Multiplying wattages by time is not realistic. In 1963 we bought a large GE white refrigerator, and an 18 cubic foot GE white freezer. Later, we took a month long trip to California, and the total energy bill for that month was less than $10.
The refrigerator gave excellent service until 2018, and was replaced with a more efficient GE, white, to improve the sales value of the house, expected to take place in the next decade. 55 years of reliable service.
The house was sold last year, with the refrigerator, but the freezer went to our grand daughter's house. 61 years, and never serviced, just kept the coils clean, and waxed the outside every decade. The insulation on the freezer was so good that in a 3 day power failure, door un opened, there was still frost on the bottoms of the shelves. It ran for several hours before stopping, so about 3 hours at rated wattage was all it needed for 3 days.
We bought beef a quarter of a steer at a time, so a lot in that freezer, plus we had a garden plot.

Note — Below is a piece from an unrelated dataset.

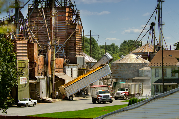 This is yet another image of the mill as work goes on throughout the day. I was told the truck on the left is called a hammer mill, which as I understand things,mixes the various feed components on site for farmers. The sun came out briefly to illuminate the trucks while the grain silos remain in shade.
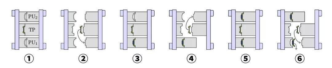 ????????圖1顯示了用于注塑成型與聚氨酯包覆成型的組合技術的傳統(tǒng)模具技術。首先,注入熱塑性塑料基體,旋轉(zhuǎn)裝置將基體帶入聚氨酯模具中。在下一個循環(huán)中,基體用聚氨酯包覆成型,同時在注塑模具中生產(chǎn)新的熱塑性基體。熱塑性基體的成型周期和聚氨酯涂層的反應時間是相關的。

A land developer gave me permission to pick all the apples I wanted from an orchard that he was going to bulldoze in a week, my wife and 2 boys, plus two friends children picked a huge amount of apples, I bought a 15 year old Montgomery Ward 20 cu ft chest type, and filled it with shallow wooden boxes of apples. A timer turned the power on 15 minutes per day, and kept the temperature at 34 degrees, we checked the thermometer every time we removed a box of apples. So the max it ran was 7 hours a MONTH, and often when I checked with the timer on, it was not running.
After that freezer was empty, I sold it for what I paid for it.
Energy consumption of refrigerators is more the amount of time the door is open than many other factors. Keep the doors closed most of the time, and an old unit will be low energy use. Don't fill the land fills with working appliances, buying new that polluted the environment with their creation.
PS, I know what an absorption refrigerator is, and have not seen one in half a century. They were great for homes without electricity, and a great aunt had one until 1960. Electricity came before that, but power failures were frequent, and kerosene cheap, so it continued to be used.